What the task requires:
In the material below, begin at the line that has "Подставляя данные из", stop after the line that has "hvit Benetton menn", and transcribe those lines exactly, without pictures.
[Information supplied Boundary: Start]
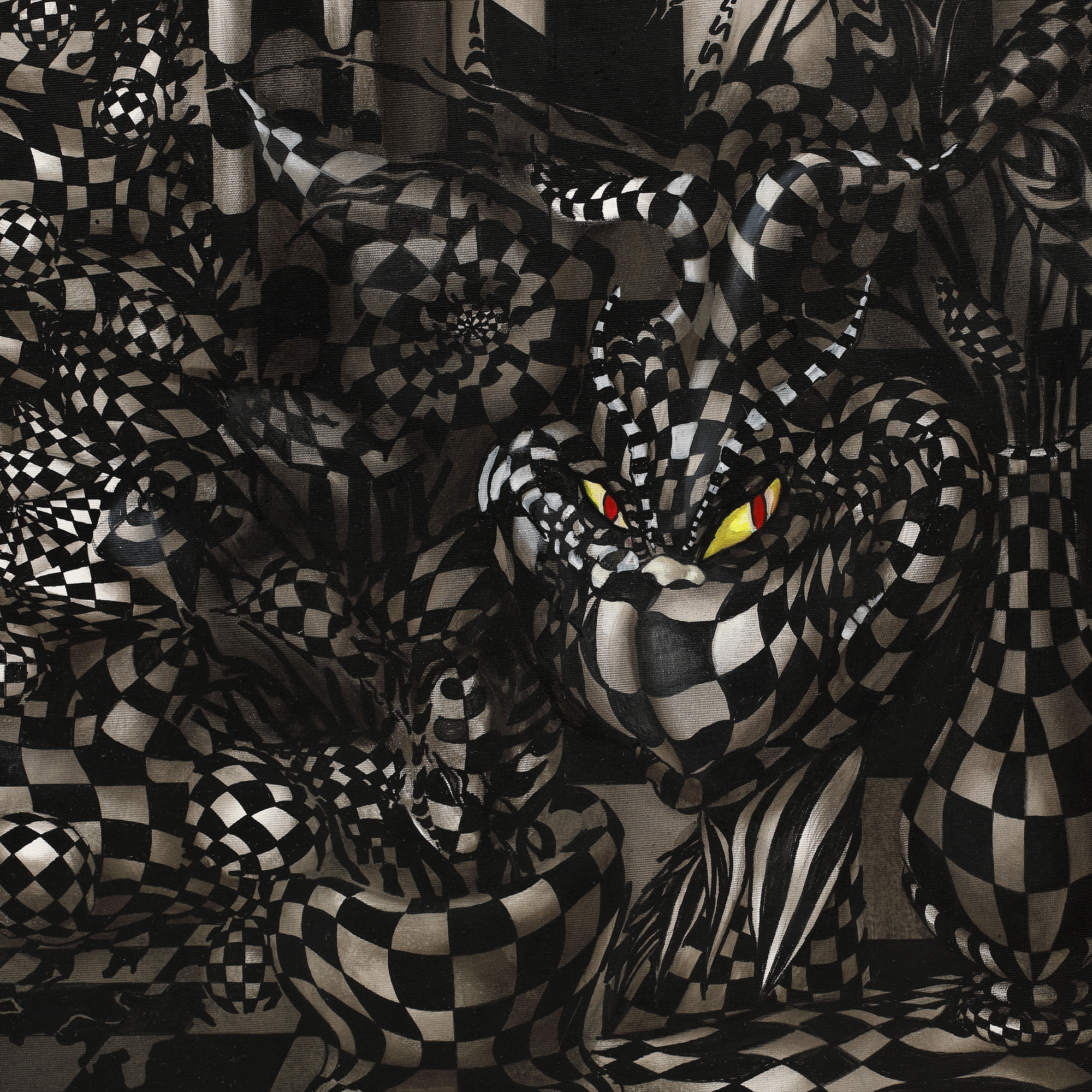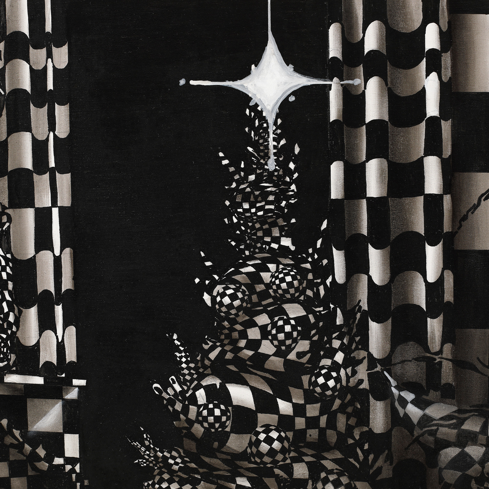 Lucrarea ne provoaca sa descifrăm singuri acest cod binar ce stă la baza unei compoziții surprinzătoare. Ne amintește de o temă aparent călduroasă care capată intrigă prin prezența faimosului personaj (Grinch) care deturnează imaginea perfectă a sărbătorilor de iarna (in acest caz culorile). Prin efectele de volum si spațialitate specifice curentului Op art, artistul construiește imaginea celui mai elegant și dinamic Craciun.
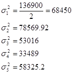 Подставляя данные из табл.7 в формулу (17), рассчитаем внутригрупповые дисперсии:
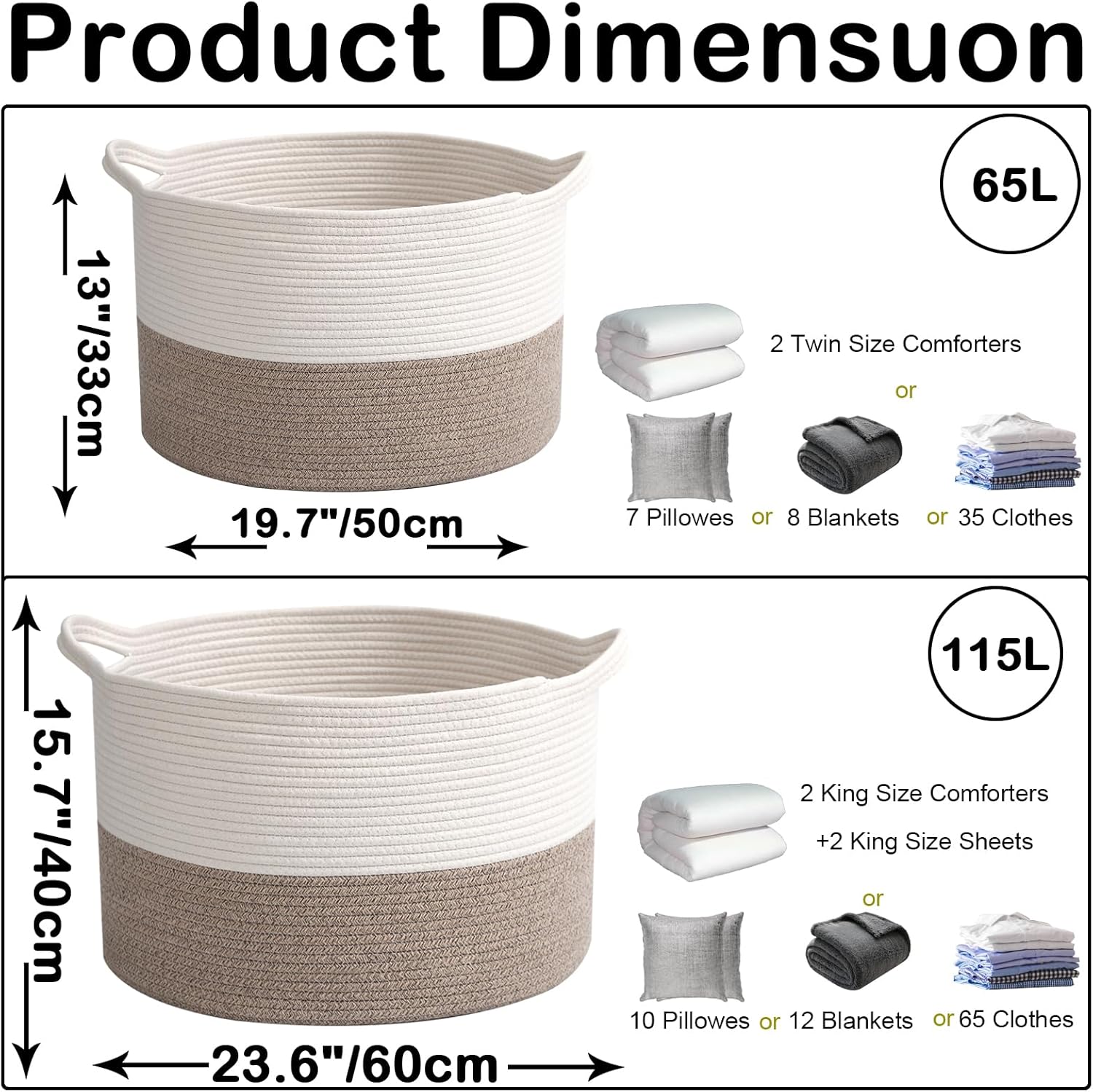 - 【Large Laundry Blanket Basket】23.6"L x 23.6"W x15.7"H Laundry basket for organizer,115L rope large cotton blanket basket with handle.Please allow 1 - 2 cm (0.4" - 0.8") for deviations due to folded transportation
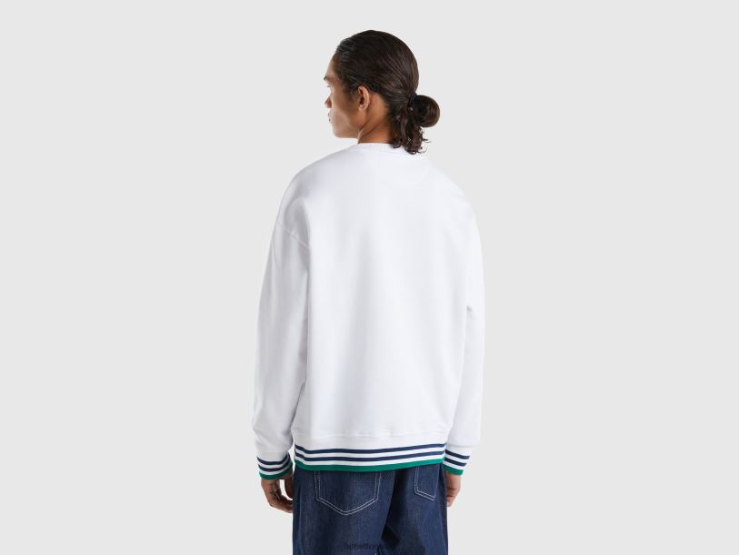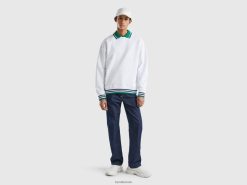 hvit Benetton menn genser med rund hals i ren bomull 20TRB4504
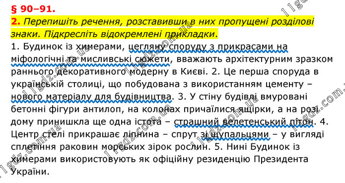 § 90–91. 2. Перепишіть речення, розставивши в них пропущені розділові знаки. Підкресліть відокремлені прикладки. 1. Будинок із химерами, цегляну споруду з прикрасами на міфологічні та мисливські сюжети, вважають архітектурним зразком раннього декоративного модерну в Києві. 2. Це перша споруда в українській столиці, що побудована з використанням цементу – нового матеріалу для будівництва. 3. У стіну будівлі вмуровані бетонні фігури антилоп, на колонах причаїлися ящірки, а на розі дому принишкла ще одна істота – страшний велетенський пітон. 4. Центр стелі прикрашає ліпнина – спрут зі щупальцями – у вигляді сплетіння раковин морських зірок рослин. 5. Нині Будинок із химерами використовують як офіційну резиденцію Президента України.
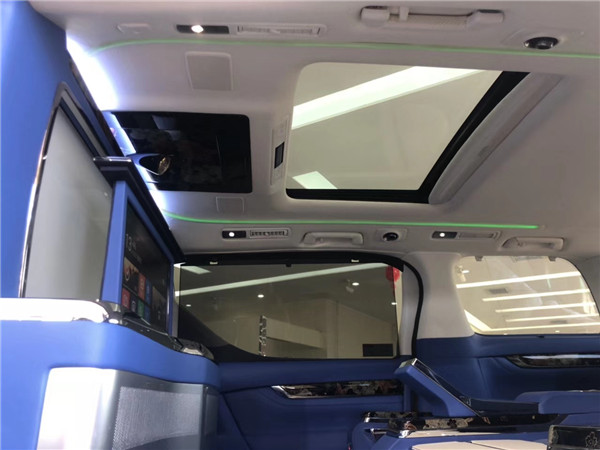 ● 整车立体大包围19款丰田埃尔法蒙娜丽莎总裁版、前后仓隔断式、隔断处增加一键式升降雾化玻璃、一键式可升降电视、音响功放、储物箱、车载冰箱。
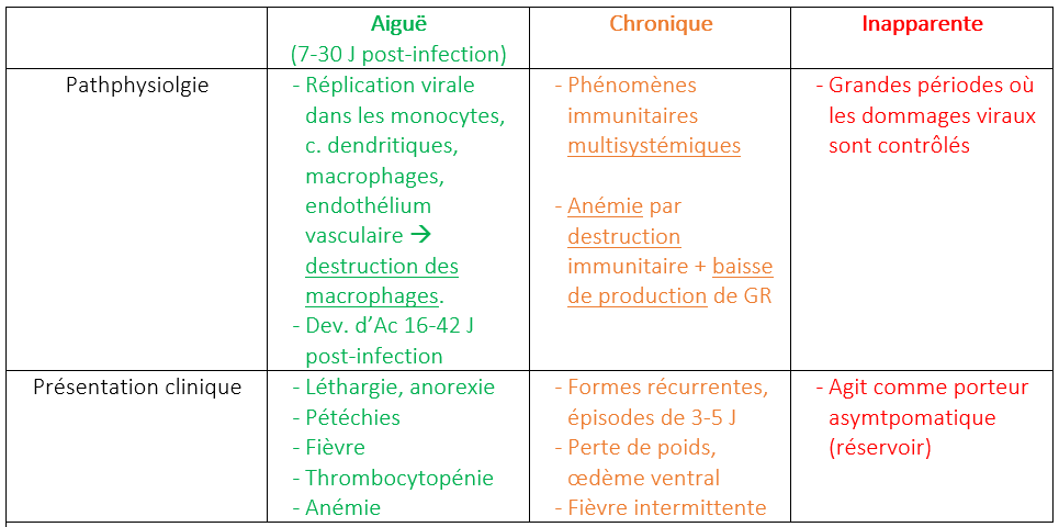 Nommer 3 phases avec leur pathophysiologie et présentation clinique
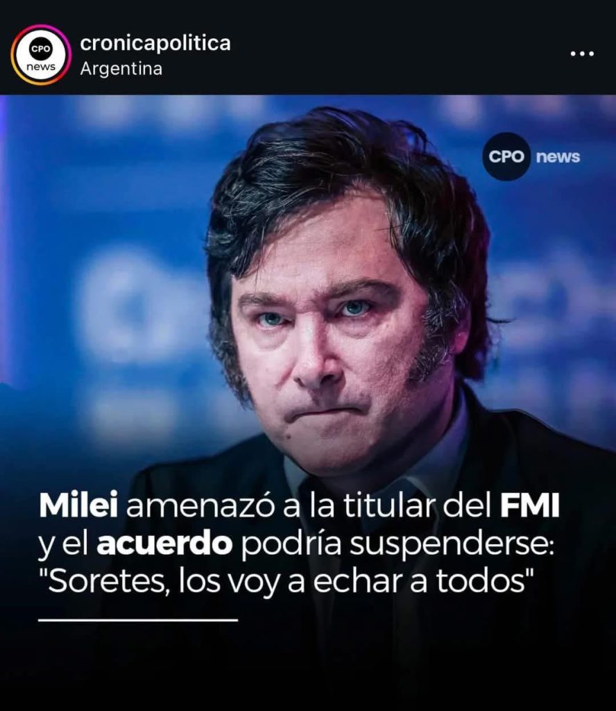 De mayor gravedad es el reciente escándalo surgido en torno a la figura y la actuación de Milei. Desde su cuenta oficial de X, Milei hizo un llamamiento público a invertir en una criptomoneda -LIBRA- que recibió millones de dólares en minutos y se derrumbó inmediatamente (3). En relación al asunto se han hecho públicas conversaciones y planificaciones con los duelos de esta criptomoneda, que apuntarían a una clara actitud delictiva por parte e Javier Milei. Dada esta situación, la oposición ha pedido la apertura de un juicio político contra el presidente (4) , de salir adelante esta iniciativa y ser declarado culpable, Milei sería expulsado inmediatamente la presidencia de Argentina, cargo que pasaría a ocupar la actual vice-presidente Victoria Villarruel. Agrava la condenable acción y el grado de absoluta irresponsabilidad de Javier Milei el hecho de que en estos momentos su gobierno esté negociando la concesión de un préstamo por parte del FMI de entre 11 y 15.000 millones de dólares, y esta actuación fraudulenta de la máxima autoridad argentina, puede ser determinante para la no concesión del mismo por parte, lo que provocaría una situación insostenible para la Casa Rosada. Luis “Toto” Caputo, el ministro de Economía argentino y encargado de llevar las negociaciones con el FMI así lo ha manifestado (5).
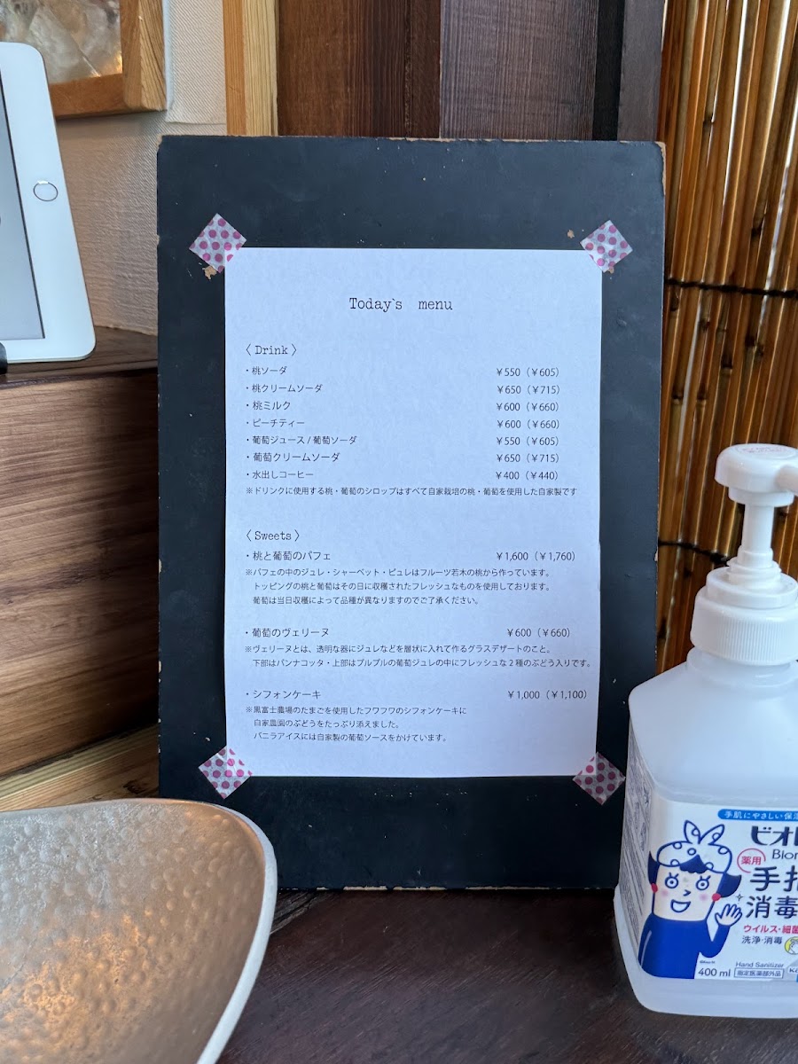 Welcome to フルーツ若木 fruitsstand & cafe, a delightful gem nestled in Fuefuki, Yamanashi, renowned for its exquisite fruit-based offerings. The star of the menu is undeniably the 桃パフェ, an extraordinary treat crafted with two luscious peaches, layered with refreshing jelly, sorbet, and pure fruit essence, all exclusive to this cafe. Priced attractively at JP¥1,600, it's a must-try for those seeking a unique dessert experience.
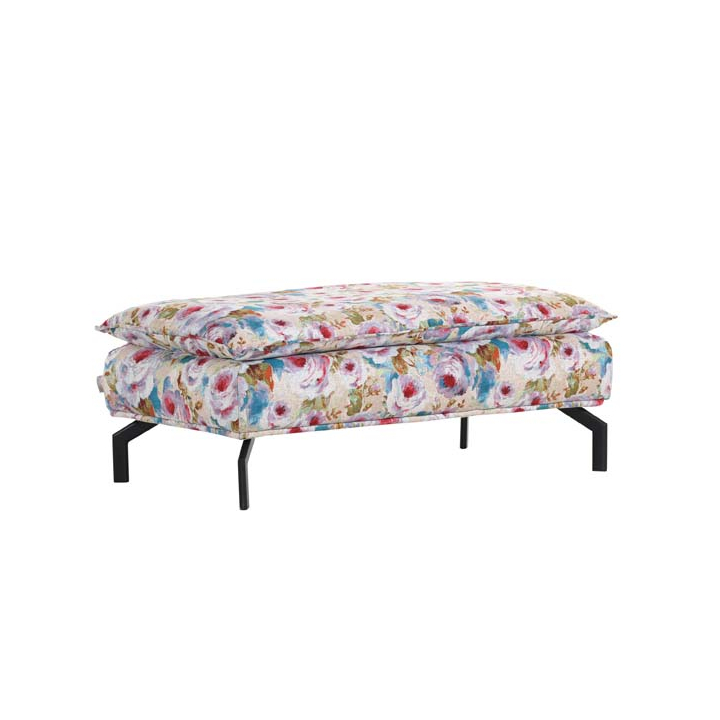 Многоцветна елегантна табуретка с размери Ш:120/Д:70/В:44 см. Със сигурност ще ви хареса просторната седалка, тапицирана с текстилна дамаска с пълнеж от мека PU пяна и вълнообразни пружини. Тапицерията е мека на допир, щадяща кожата, устойчива на износване с красив декор на цветя. Конструкцията е здрава и стабилна произведена от масивна дървесина поставена на четири метални крачета в черен цвят.
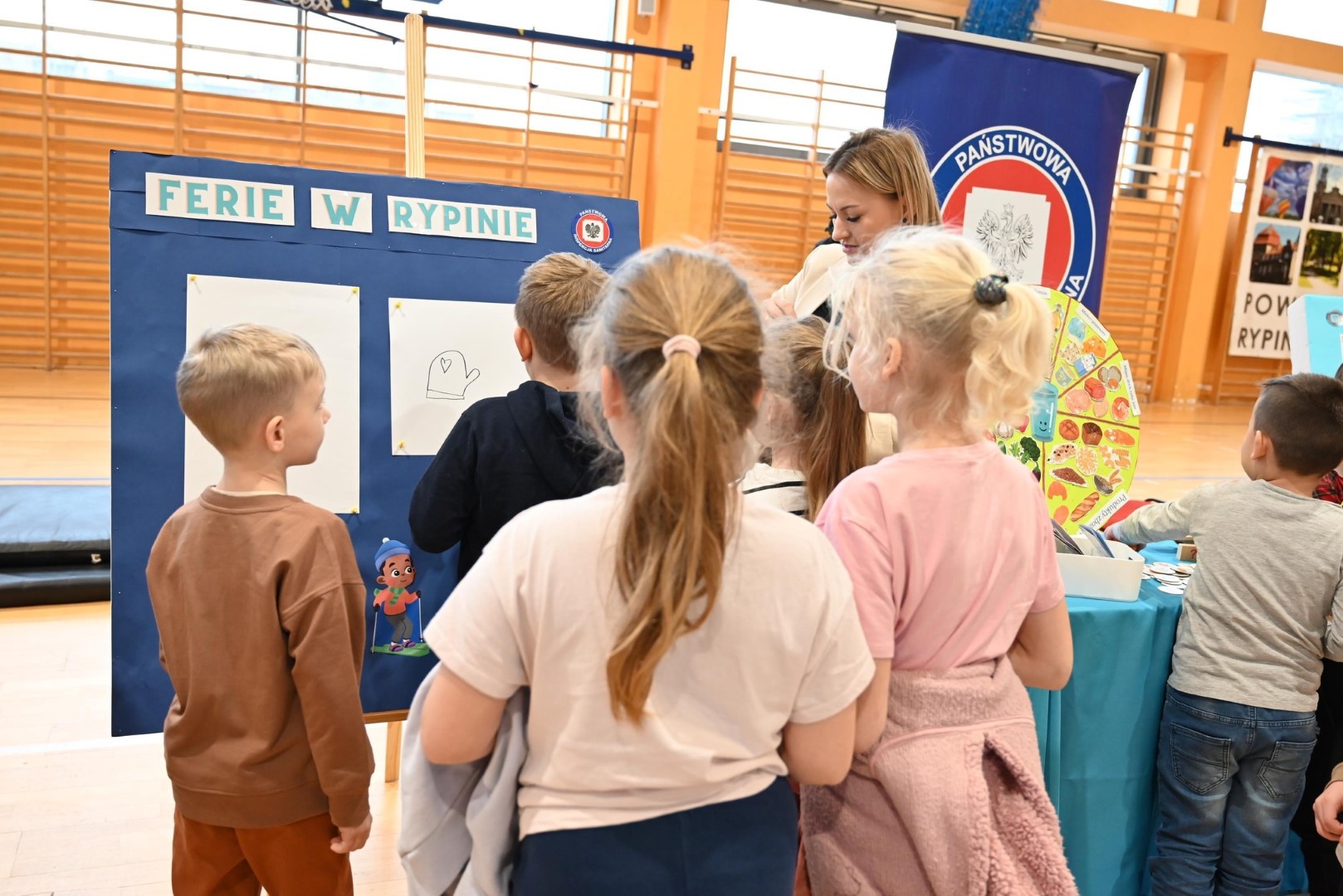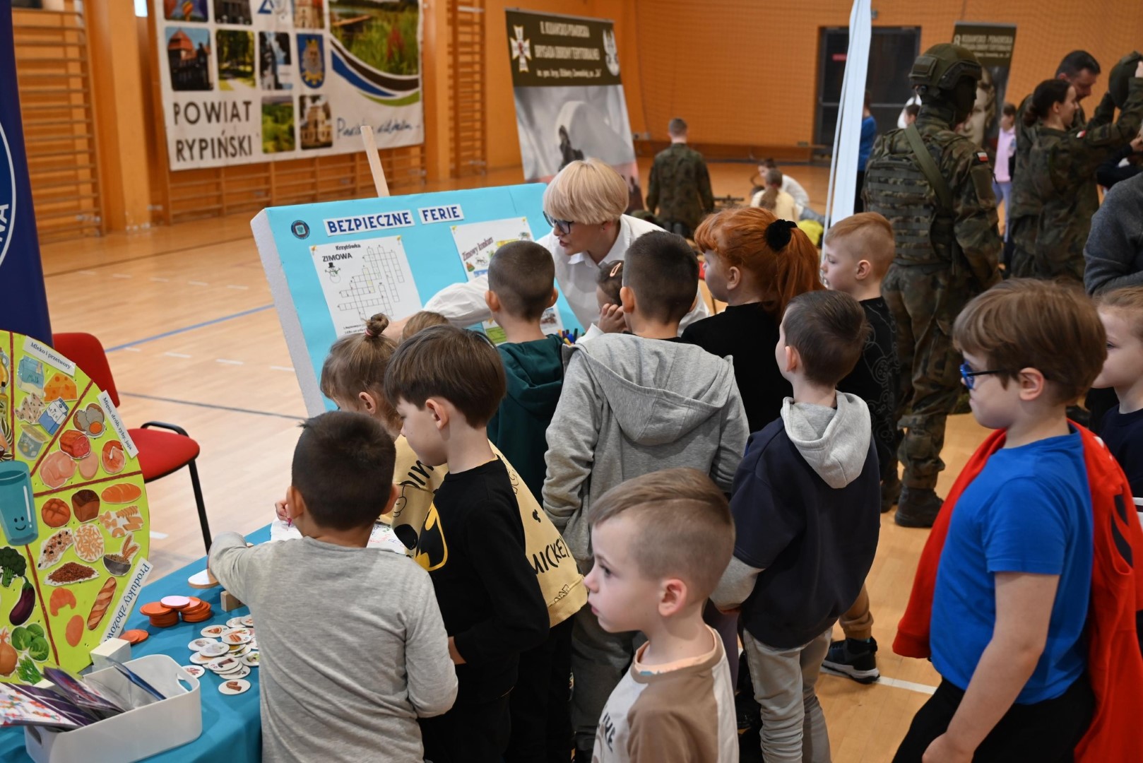 Organizowana przez Powiat Rypiński przy współpracy z Komendą Powiatową Policji, Wojskiem Obrony Terytorialnej, Komendą Powiatową PSP w Rypinie, Związkiem Ochotniczych Straży Pożarnych Oddział Powiatowy w Rypinie, Wodnym Ochotniczym Pogotowiem Ratunkowym w Lipnie i Powiatową Stacją Sanitarno-Epidemiologiczną w Rypinie, akcja bezpieczne ferie podzielona została na 2 dni. Pierwszego dnia treści profilaktyczne dla dzieci młodszych szkół podstawowych powiatu rypińskiego. Nauka przez zabawę - taki cel przyświecał nam dnia pierwszego. Poniżej fotorelacja z dnia pierwszego. Dzień drugi dodamy niebawem.
[Information supplied Boundary: End]
Answer space:
 Подставляя данные из табл.7 в формулу (17), рассчитаем внутригрупповые дисперсии:
 - 【Large Laundry Blanket Basket】23.6"L x 23.6"W x15.7"H Laundry basket for organizer,115L rope large cotton blanket basket with handle.Please allow 1 - 2 cm (0.4" - 0.8") for deviations due to folded transportation
 hvit Benetton menn genser med rund hals i ren bomull 20TRB4504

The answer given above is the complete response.